Please be aware that if the VMs are experience heavy I/O, it is possible for one or more of the VMware snapshots to fail. In those cases, the VMs that did not complete their VMware snapshots will not be properly backed up. If this occurs, the two resolutions are to either a) disable VMware snapshots, b) Reduce the number of VMs per SMVI backup. If the choice is to reduce the number of SMVI backups, I would start by just dividing in half and testing.
Appreciate the quick response.pparently there was a misunderstanding between the customer and me:
He has 17 LUNs (300GB each, 500VMs total) inside one volume, and has 17 backup jobs (on the datastore level) running one after the other (he doesn't want to backup all the machines in one snapshot fearing that 400 quiesce requests will overload the servers, and that's why he's getting 17 snaps per backup.
He claims that our best practices for SMVI were the reason he chose the LUN size to be 300GB, and what lead to the need for 17 LUNs.I realise that we can ask them to move some of the LUNs to other volumes, but that would require a downtime for some of the servers.Is there another way around this issue ?
Any idea how we can work around this issue ?
That is a lot of LUNs in a single vol.

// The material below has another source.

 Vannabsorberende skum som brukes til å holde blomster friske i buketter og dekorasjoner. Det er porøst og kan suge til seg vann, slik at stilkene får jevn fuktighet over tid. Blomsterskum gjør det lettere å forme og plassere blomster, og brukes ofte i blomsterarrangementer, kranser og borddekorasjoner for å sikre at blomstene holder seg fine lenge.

There are probably a few ways to reorganize the customers data as long as they have the spare storage. Now, please be aware that I'm not the most qualified to give the exact steps on this. I would also suggest subscribing to dl-server-virtualization and ask this same basic question there if you do not hear anything else on this thread.

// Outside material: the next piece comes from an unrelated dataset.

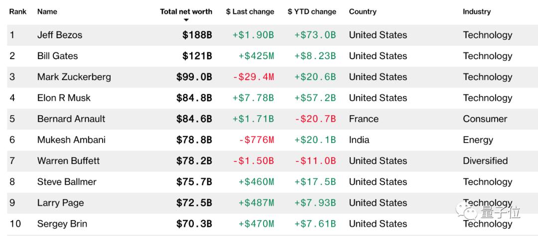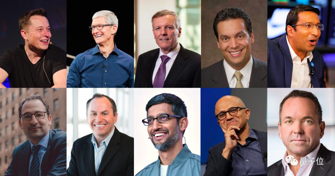 除了马斯克、库克之外,还有哪些公司高管上榜呢?彭博这张图一目了然:

The root issue is that there are multiple VMFS datastores backed by LUNs all in the same volume. Finding the best solution to break this apart so that there is no downtime is the trick.
The basic way I can see resolving this for this customer is through using VMotion and/or Storage VMotion. They should be able to bring up another VMFS datastore backed by another LUN in another volume. Then use VMotion to move several VMs over to the new VMFS datastore. I believe you can perform VMotion without powering off a VM, but I believe it cannot have any VMware snapshots.
I personally am not well versed on Storage VMotion, so I cannot really give you any ideas on how well that would work for the customer.
How many VM's does he have per LUN? You will not want more than 10-15 VM's per LUN, because of SCSI Reservations. But if you need to move the LUN's to a new volume I would use storage vmotion (here is a plugin for Virtual Center which works a lot better than using command line). I would storage vMotion VM's to a different LUN then create the new Volume and LUN's then storage vMotion the VM's to the new LUN
I am having an issue where SMVI is leaving VMware snapshots that it creates when it should be deleting them. I receive this in the logs
2009-05-04 01:15:15,493 WARN - VMware Task "CreateSnapshot_Task" for entity "NYC-IIS05" failed with the following error: Operation timed out.
2009-05-04 01:15:15,493 ERROR - VM "NYC-IIS05" will not be backed up since vmware snapshot create operation failed.
But a snapshot is created and then is not removed after the backup finishes. I have case 2000733732 open about this issue.